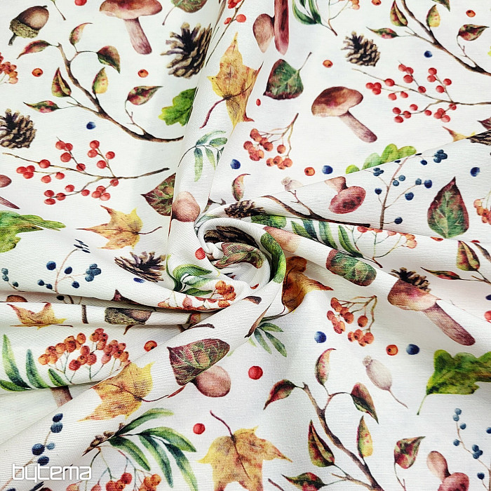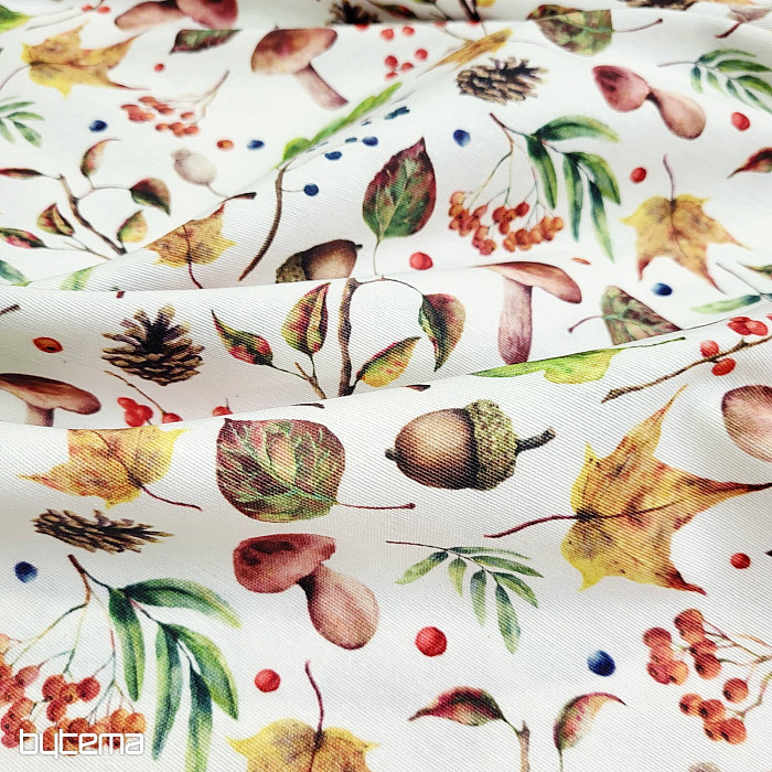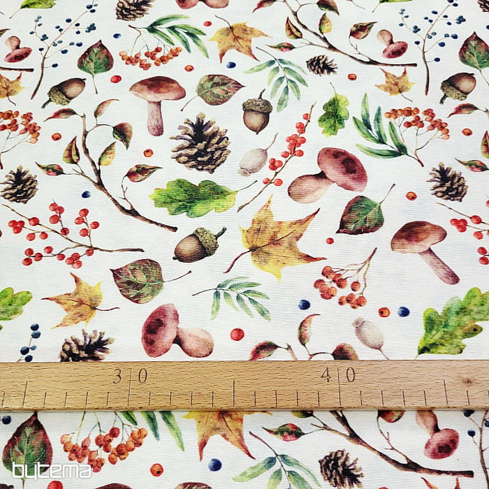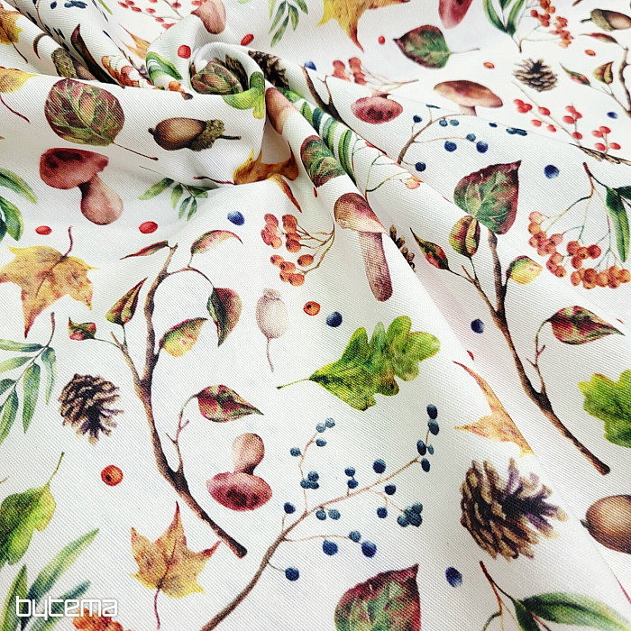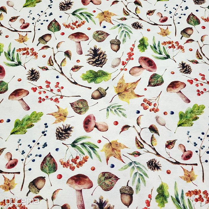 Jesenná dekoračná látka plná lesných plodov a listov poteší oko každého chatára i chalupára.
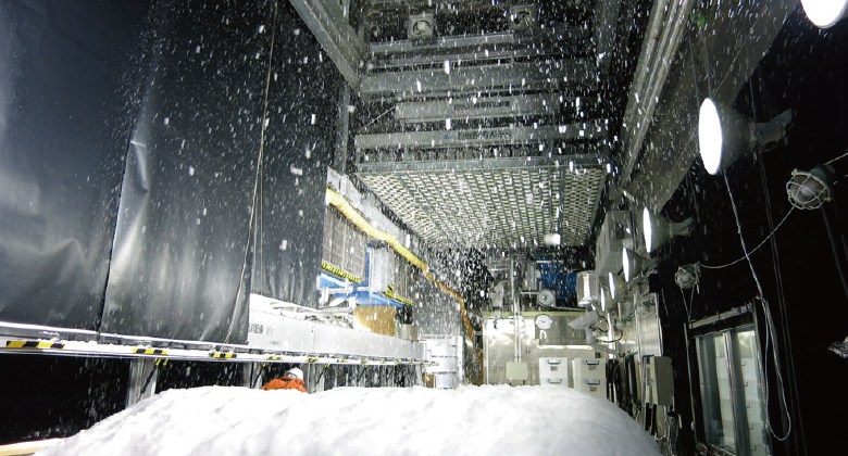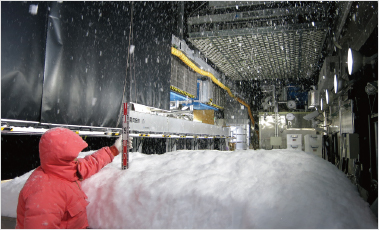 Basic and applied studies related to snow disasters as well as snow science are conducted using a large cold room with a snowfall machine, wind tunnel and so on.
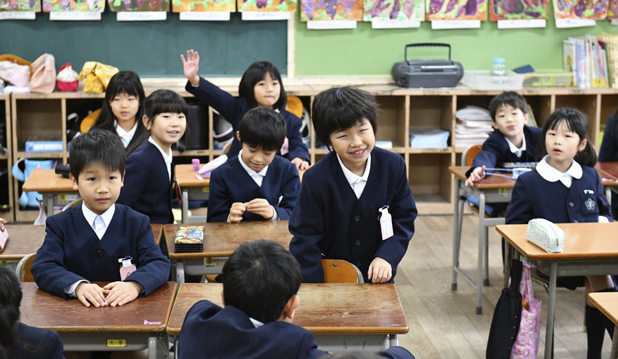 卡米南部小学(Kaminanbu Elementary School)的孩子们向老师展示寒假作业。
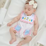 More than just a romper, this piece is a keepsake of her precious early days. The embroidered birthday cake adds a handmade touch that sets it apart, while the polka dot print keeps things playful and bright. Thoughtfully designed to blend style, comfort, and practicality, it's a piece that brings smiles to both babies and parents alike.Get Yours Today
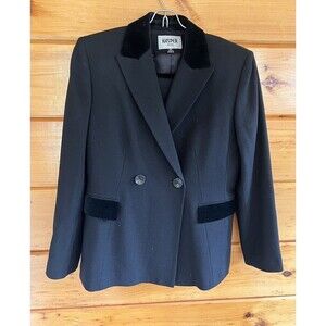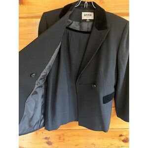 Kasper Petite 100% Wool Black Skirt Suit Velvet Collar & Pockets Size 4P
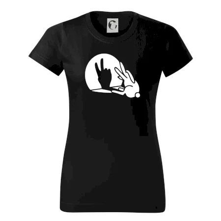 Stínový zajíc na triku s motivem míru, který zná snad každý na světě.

**EXERCISE:** Reproduce all lines above exactly. Leave the images out.

**EXERCISE SOLUTION:**
 Jesenná dekoračná látka plná lesných plodov a listov poteší oko každého chatára i chalupára.
 Basic and applied studies related to snow disasters as well as snow science are conducted using a large cold room with a snowfall machine, wind tunnel and so on.
 卡米南部小学(Kaminanbu Elementary School)的孩子们向老师展示寒假作业。
 More than just a romper, this piece is a keepsake of her precious early days. The embroidered birthday cake adds a handmade touch that sets it apart, while the polka dot print keeps things playful and bright. Thoughtfully designed to blend style, comfort, and practicality, it's a piece that brings smiles to both babies and parents alike.Get Yours Today
 Kasper Petite 100% Wool Black Skirt Suit Velvet Collar & Pockets Size 4P
 Stínový zajíc na triku s motivem míru, který zná snad každý na světě.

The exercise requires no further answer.